I played LDV in something like 2010. Was decent but yes, I wouldn't play it. Ponders and wishes are just better.
Quote:
Originally Posted by
Lemnear
understand me right; if you are ok with dying to Bolt and stuff
I am not sure ad nauseam is immune to lightning bolt. If you answer "PiF" then we can find all kind of cards specifically screwing it. I almost always splashed white in doomsday and that negates a lot the post doomsday burn spell if your metagame has a lot of these. But it's still a fast deck and you don't have to be in bolt range in the first place, at least not much more than ANT/PiF storm.
Quote:
Originally Posted by
Lemnear
and run Rituals anyways (which do nothing in this deck unless you have DD as well),
If your dark rituals do things for you without any engine/storm spell you are way better than me. But in this deck rituals help also with burning wish, as it would with any other engine that could be/was in the deck.
Quote:
Originally Posted by
Lemnear
why not run more stable options to go the long run like Dark Confidant
I am sure you could answer that alone. But dark confidant is a slow card for this deck, it also is a creature which turns on all common removals.
Quote:
Originally Posted by
Lemnear
or try to accelerate your deck with Spoils of the Vault or Drift of Phantasms Transmute?
Both are garbage in any deck.
Quote:
Originally Posted by
Lemnear
Why has no one ever put time into the idea of adding Infernal Tutor to the LED+DR core to fetch Doomsday T1 and go for a topdeck-pile either finishing with drawing into LabMan or Shelldock?
Infernal tutor has been played for years in doomsday. It was even in the first lists from emidln who was trying to find which split of DD/IT was the best and his conclusion was 0 IT - Max DD.
Lab man and shelldock have both been played a lot in DDFT, even if I personnally never liked Lab Man.
Quote:
Originally Posted by
Lemnear
Why use a third color for fetching Doomsday and a wincon if options for both are in U/B?
Burning not only fetches doomsday the combo turn like IT. It also fetches it pre combo, fetches other engines, fetches solutions and the most important, it makes the doomsday engine better just by being in the deck since playing BW-> ToA through double LED increases the storm count and provides many more turn one kills that would just deal 18 otherwise.
Quote:
Originally Posted by
Lemnear
Why stick to the painfully slow and pointless gameplan of SDT/Doomsday/Tendrils which has so damn many weaknesses between opposing clocks/discard/hatebears? The point of playing Doomsday is giving a fuck about the common counterstrategies to combo decks and your list is an example of an idea which has proven to be not compeditive and needs to be abandoned in order to profit from Doomsday in a modern environment.

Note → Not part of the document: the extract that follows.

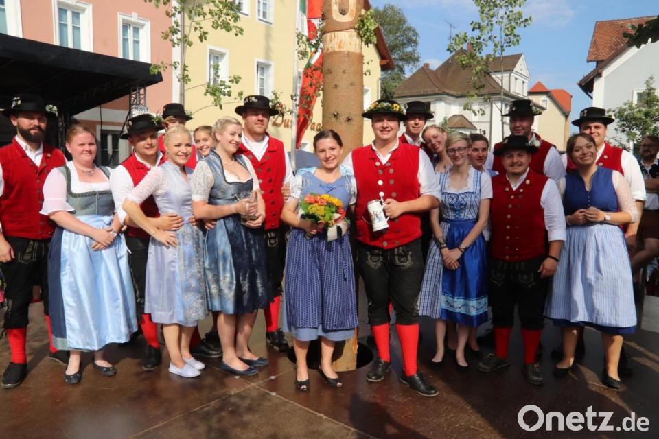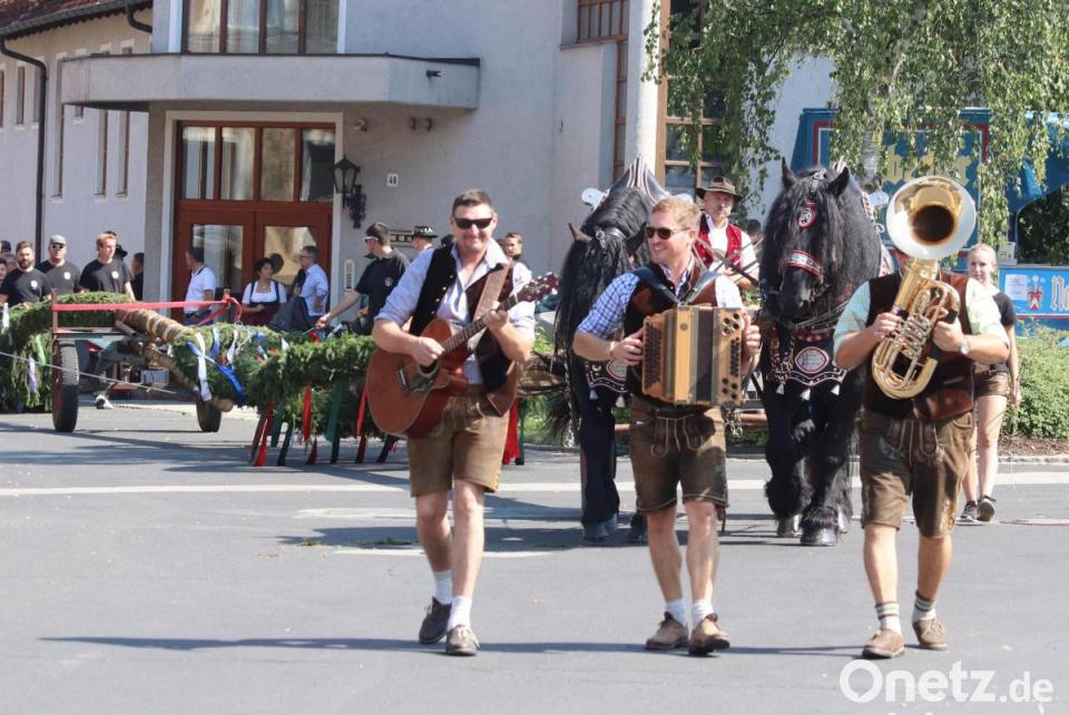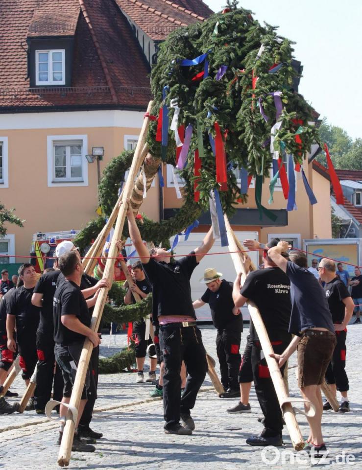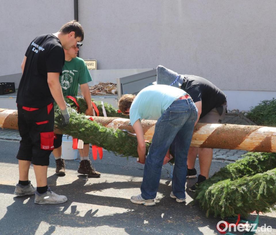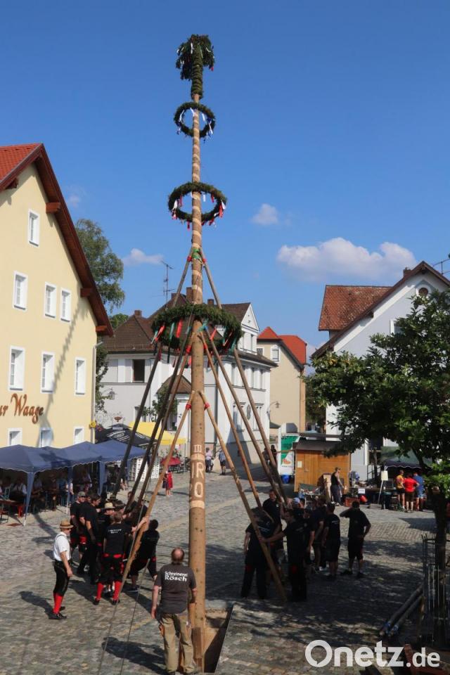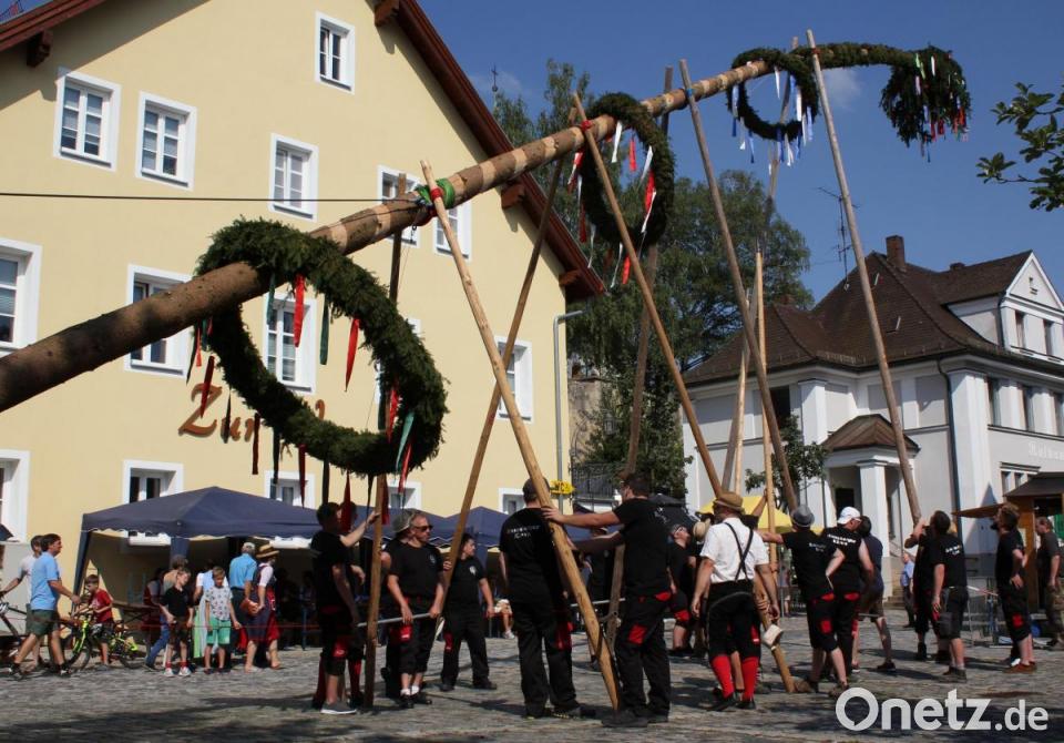 Am Samstag in der Früh wird der Baum eingeholt. Stolze 29 Meter hat er dieses Jahr. Die Nutzung des Geländes am Kettelerhaus ist nach dem Umbau nicht mehr möglich, so wird er im Schatten des Feuerwehrhauses hergerichtet. Begleitet von der Musik der Hoglbouchan ziehen zwei Pferde mit prunkvollem Geschirr den geschmückten Baum zum Dorfplatz. Christian Weiss hat das Oberkommando beim Aufstellen des rund eine Tonne schweren Baumes. Faszinierend zu sehen, wie der Baum mit den Schwalben immer schräger gestellt wird und nach rund eineinhalb Stunden senkrecht steht. Dann noch schnell das Podest um den Baum, Biertische und Bänke platziert und kurze Zeit später sind an diesem lauen Abend alle Sitzplätze belegt. Auch im Fischergarten und bei der Feuerwehr geht's rund, am Dorfplatz mit der Partyband Jack Point.

So it's not even "not tier 1" which I could agree on, it's "proven non competitive". Well last time I played it in a big event it was in BoM 2012. Three doomsday players in the room among over 700 players. I lost in top 16 to a bad judge after beating numerous hate, you couldn't even believe it. The second player lost in top8. The last one made 7-2. If it has proven to be non competitive since then and you want me to believe you , you'll need some strong evidence or demonstration. Until then I'll consider that the main factors are the fact that so few people run it, and so few excellent players run this very demanding deck.
It was probably the best deck in the format before griselbrand's printing so I would bet on it still being a competitive deck. But you were probably already saying it was garbage at that time I guess.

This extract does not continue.